Gideon Ouseley | |
Birth Place: | Dunmore, Galway |
Death Date: | (aged 77) |
Death Place: | Dublin, Ireland |
Occupation: | Methodist missionary in Ireland |
Gideon Ouseley (24 February 1762 - 13 May 1839)[1] was born into an Anglican gentry family in Dunmore, County Galway.[2]
His father, although a deist, intended that his son enter the clergy,[1] but Ouseley spent much of his childhood in the cabins of peasant neighbours.[3] He was tutored with his cousins Gore and William, and all three had notable careers.[4]

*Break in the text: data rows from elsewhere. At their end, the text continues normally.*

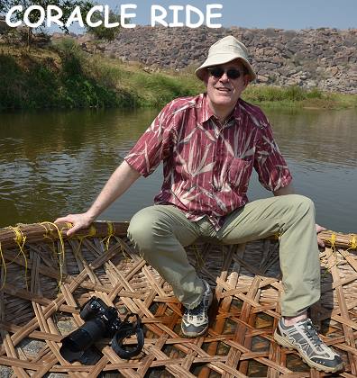 Ausgerüstet mit Kamera, Kopfbedeckung und Wasser stiegen wir dann in eines der einfach konstruierten Boote, die man hier Coracle nennt. In der örtlichen Sprache Kannada nennt man sie Teppa oder Harigolu. Es handelt sich dabei um ein Korbgeflecht mit einer meist kreisrunden Form. Der Bootsköper ist mit Haut oder einer Persenning bezogen und mit Teer bestrichen, das Ganze sieht aus wie ein schwimmender Wok.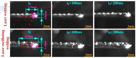 High-speed video images of the molten pool under different welding modes are captured to further explore the crack inhibition mechanism. The results of high-speed videos are shown in Figure 7. The acquiring frequency of the high-speed camera is 5000 frames per second, and the photos are captured at 200 μs intervals.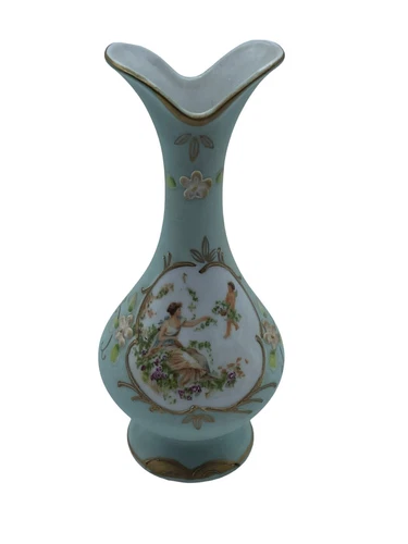 Vintage Blue Japanese Porcelain Vase With Angels Floral
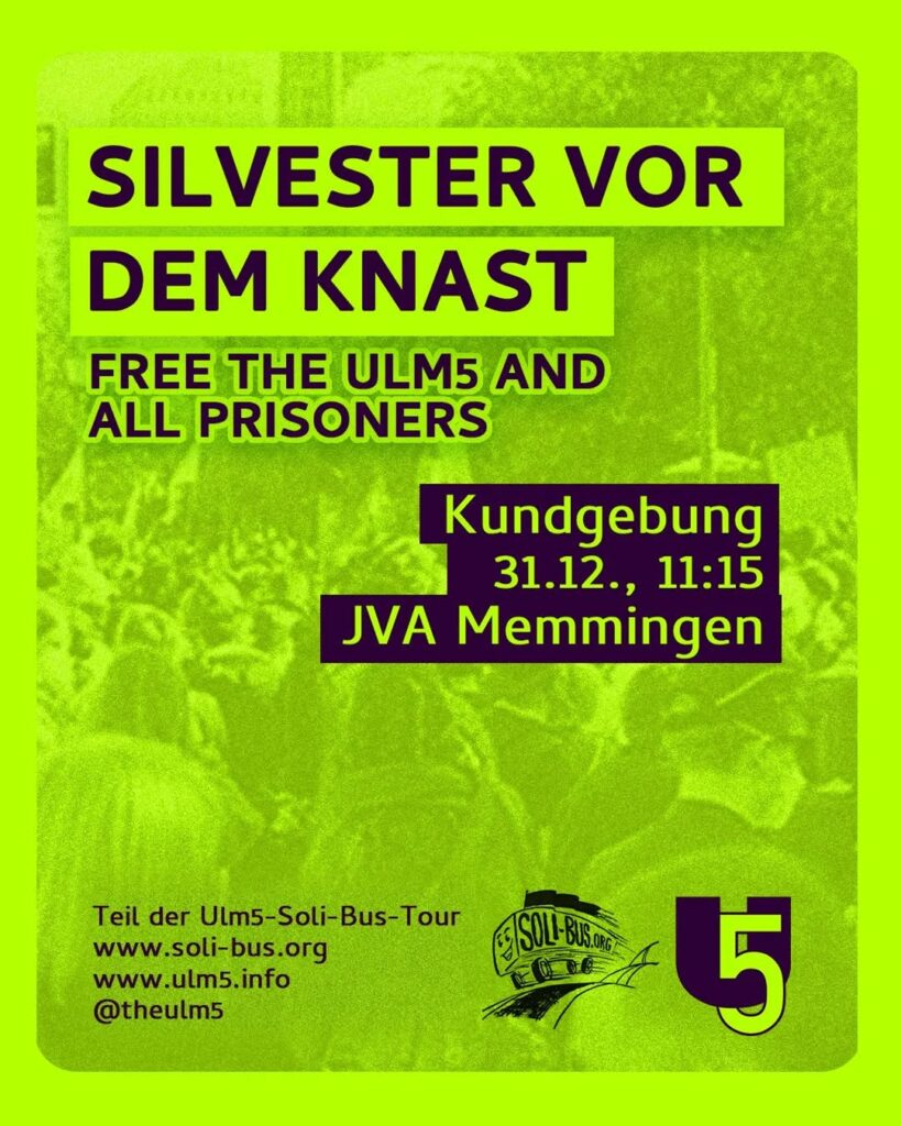 Kategorie: General Silvester vor dem Knast - Free the Ulm5 and all prisoners 11:15 31. Dezember 2025 MemmingenVeranstaltungsort anschauen Kompletten Kalender ansehen

Married at age 20, Ouseley led a wild life that dissipated both his own and his wife's fortunes. After losing an eye when shot in a tavern brawl, a loss that reputedly left him with a frightening appearance,[3] Ouseley left his wild ways behind him. In 1791 he was converted to Methodism by English soldiers stationed in Dunmore,[5] and he set out in turn, to convert and reform others. Ouseley preached the gospel, mostly in Ulster, until his death, preaching up to 20 sermons a week.[1] His knowledge of the Irish language and of peasant mores - not to mention his eccentric preaching astride a white horse - won him renown as Methodism's 'apostle to the Irish'.[3]
Oliver St. John Gogarty wrote an autobiographical novel Tumbling in the Hay and two plays under the pseudonym Gideon Ouseley, A Serious Thing and The Enchanted Trousers.[6]
The writer John Mulvey Ousley was of a later generation of the same family.[7]